In January it will be impossible to transit Switzerland with out using the motorways.

From the 1st July Slovenia introduced vignettes for vehicles using the
toll roads. http://www.cestnina.si/Default.aspx?id=19766&lang=2

There's no mention of vehicles over 3500kg so one would expect to pay the appropriate fee when using the toll roads see
http://www.cestnina.si/Default.aspx?id=197

Don


----------



## pneumatician

*Swiss Vignette*

Transfer of the Vignette needs carefull and deft use of a very sharp razor blade if correctly attached to the screen.
The Vignette is supposed to break up when removed from the screen.
Failure to display can get you a hefty fine.

Steve


----------



## whistlinggypsy

> Transfer of the Vignette
> The Vignette is supposed to break up when removed from the screen.
> Failure to display can get you a hefty fine.
> 
> Steve


You can remove the Vignette if you heat the screen from the "outside" with a hairdryer (carefully) it will slowly soften the glue so you peel it off but take your time and be careful not too damage it.

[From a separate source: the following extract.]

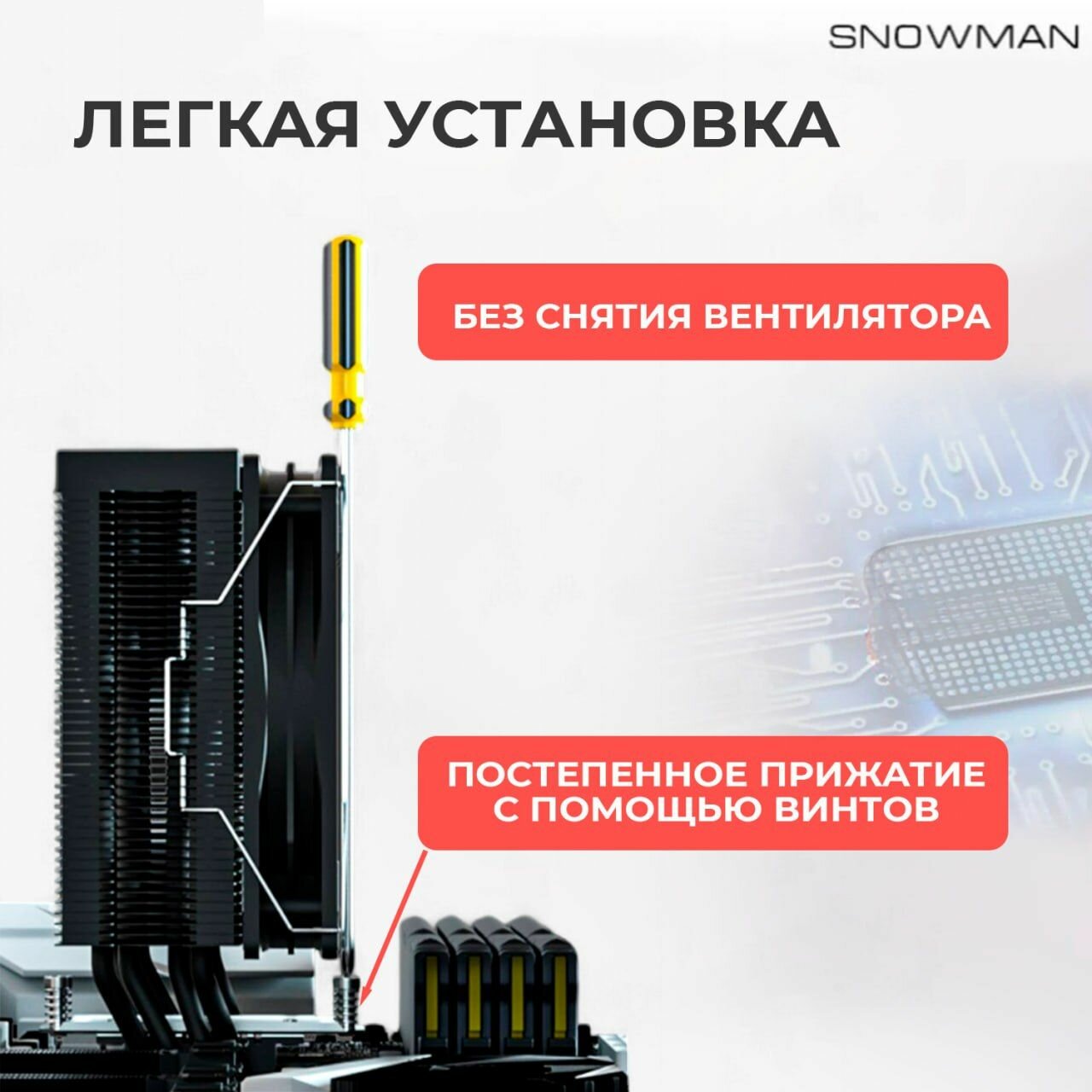 Кулер вентилятор Snowman MT4-V3, для процессора, башенный, RGB-подсветка, 4 тепловые трубки

I removed my Umwelt Plakette using this method but i damage a very small piece, and talking to a German police patrol man he told me it would be ok but said i should replace it with a new one a.s.a.p. which i did.

The german cop changes his from vehicle to vehicle on a regular basis so he told me.

The replacement method of the Vignette it too put some clear lipstick on it and replace in the screen.

Bob


----------



## jhelm

I don't understand the clear lipstick part, maybe you mean clear nail polish. I transfered mine using the hair dryer, but first I put some duct tape over it then it came off all stuck to the tape in one piece. Then I stuck it to the camper windscreen and carefully pulled off the tape, turned out almost perfect.



whistlinggypsy said:


> Transfer of the Vignette
> The Vignette is supposed to break up when removed from the screen.
> Failure to display can get you a hefty fine.
> 
> Steve
> 
> 
> 
> You can remove the Vignette if you heat the screen from the "outside" with a hairdryer (carefully) it will slowly soften the glue so you peel it off but take your time and be careful not too damage it.
> 
> I removed my Umwelt Plakette using this method but i damage a very small piece, and talking to a German police patrol man he told me it would be ok but said i should replace it with a new one a.s.a.p. which i did.
> 
> The german cop changes his from vehicle to vehicle on a regular basis so he told me.
> 
> The replacement method of the Vignette it too put some clear lipstick on it and replace in the screen.
> 
> Bob
Click to expand...


----------



## whistlinggypsy

Deffo, lipstick he said as it can then be removed at will, whereas nail polish would adhere it the windscreen to well and be difficult to remove.

Bob


----------



## buttons

Sorry but why would anyone go to all that trouble to save less than 20 quid a year. It don't make a lot of sense. From choice you drive a large vehicle, you decide to drive through Switzerland to save motorway tolls or fuel in France. You carry nail varnish and duct tape razor blades and whatever it takes to do the Swiss out of their tolls. You cant be that hard up, "can you"? 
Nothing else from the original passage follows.